RECORDED INFORMATION -
__________________________________________________

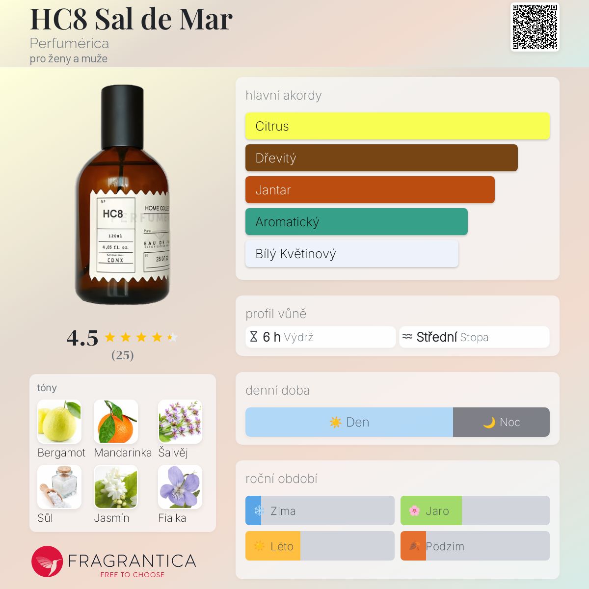 HC8 Sal de Mar podle Perfumérica je vůně pro ženy a muže. HC8 Sal de Mar byl/a uveden/a v roce 2021. Vrchní tóny jsou Bergamot, Mandarinka a Šalvěj; střední tóny jsouMořská sůl, Jasmín a Fialka ; základní tóny jsou Pačuli, Palisandr a Jantar (ambra).
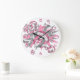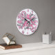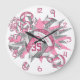 Este bonito reloj de voleibol en la pared presenta una "explosión" de baloncesto rosa, gris y blanco de tamaño variado y de estrellas rosas, grises y blancas con números de cara de reloj sobreyacentes - los paneles rosados y grises de las bolas de voleibol se mezclan con un patrón kaleidoscópico floral y ondulante - personalizar con el nombre del atleta y número de camiseta - por katz_d_zynes
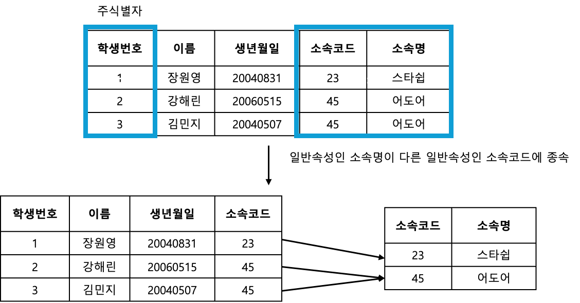 - 주식별자가 아닌 모든 속성 간에는 서로 종속될 수 없다.

__________________________________________________

WHAT YOU WILL DO - Only the pictures are to be omitted; restate everything else above exactly.

SOLUTION TO THIS EXERCISE -
 HC8 Sal de Mar podle Perfumérica je vůně pro ženy a muže. HC8 Sal de Mar byl/a uveden/a v roce 2021. Vrchní tóny jsou Bergamot, Mandarinka a Šalvěj; střední tóny jsouMořská sůl, Jasmín a Fialka ; základní tóny jsou Pačuli, Palisandr a Jantar (ambra).
 Este bonito reloj de voleibol en la pared presenta una "explosión" de baloncesto rosa, gris y blanco de tamaño variado y de estrellas rosas, grises y blancas con números de cara de reloj sobreyacentes - los paneles rosados y grises de las bolas de voleibol se mezclan con un patrón kaleidoscópico floral y ondulante - personalizar con el nombre del atleta y número de camiseta - por katz_d_zynes
 - 주식별자가 아닌 모든 속성 간에는 서로 종속될 수 없다.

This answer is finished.